--- Data for this task ---

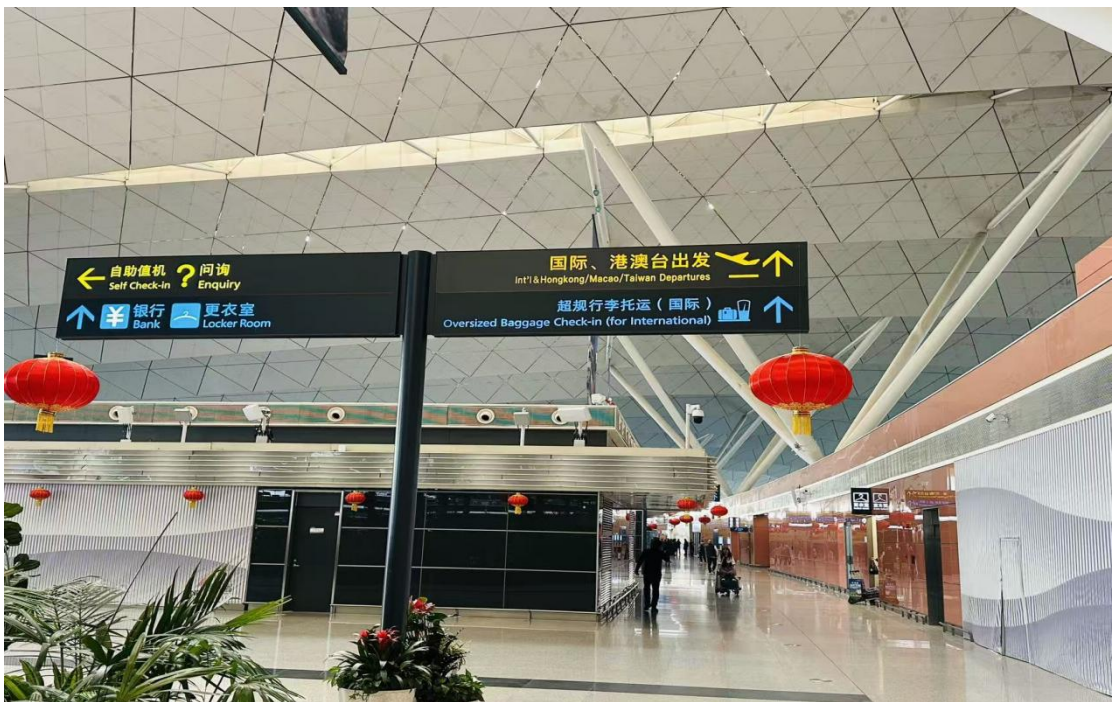
(出港大厅更衣室导向标识 15 个)
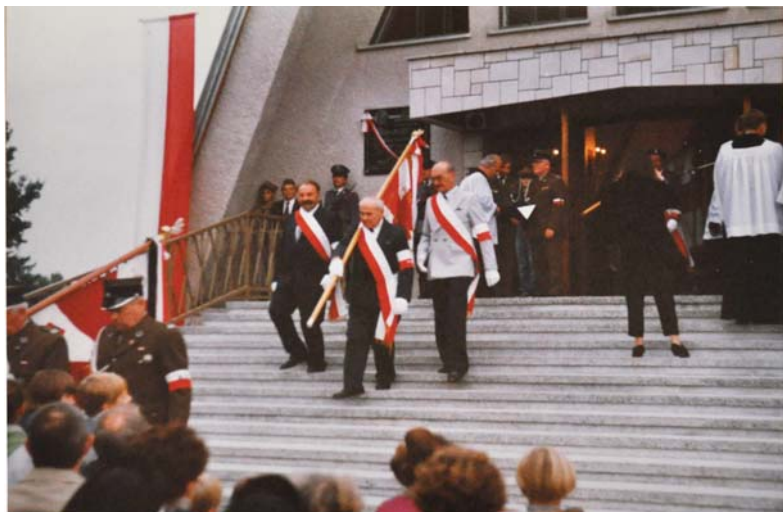
Fot. 8 Uroczystości Batalionów Chłopskich
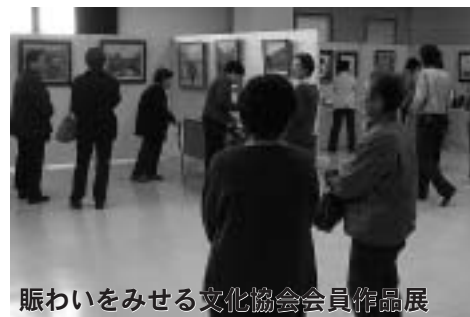
賑わいをみせる文化協会会員作品展

民舞・舞踊・コーラス・童謡・大正琴・カラオケ等各会員が、日ごろの成果を正装して艶やかに楽しく披露しました。舞踊では、日本舞踊の古典的な舞を限られた時間に表現し、カラオケでは、旅がらすの格好をして歌うと会場からは拍手喝采を浴びました。
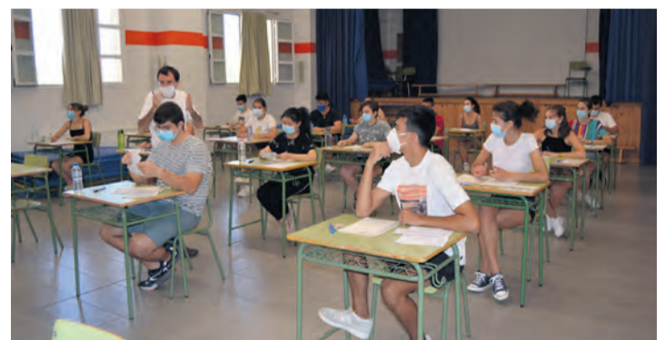
En 2020 el IES Matarraña acogió la EVAU por primera vez en su historia.

La Comisión Organizadora de la prueba, en la que están re-

---

(Work request)
Write out again, exactly, the lines from the one holding "En 2020 el IES" through the end of the listing, with both ends included.

(Task solution)
En 2020 el IES Matarraña acogió la EVAU por primera vez en su historia.

La Comisión Organizadora de la prueba, en la que están re-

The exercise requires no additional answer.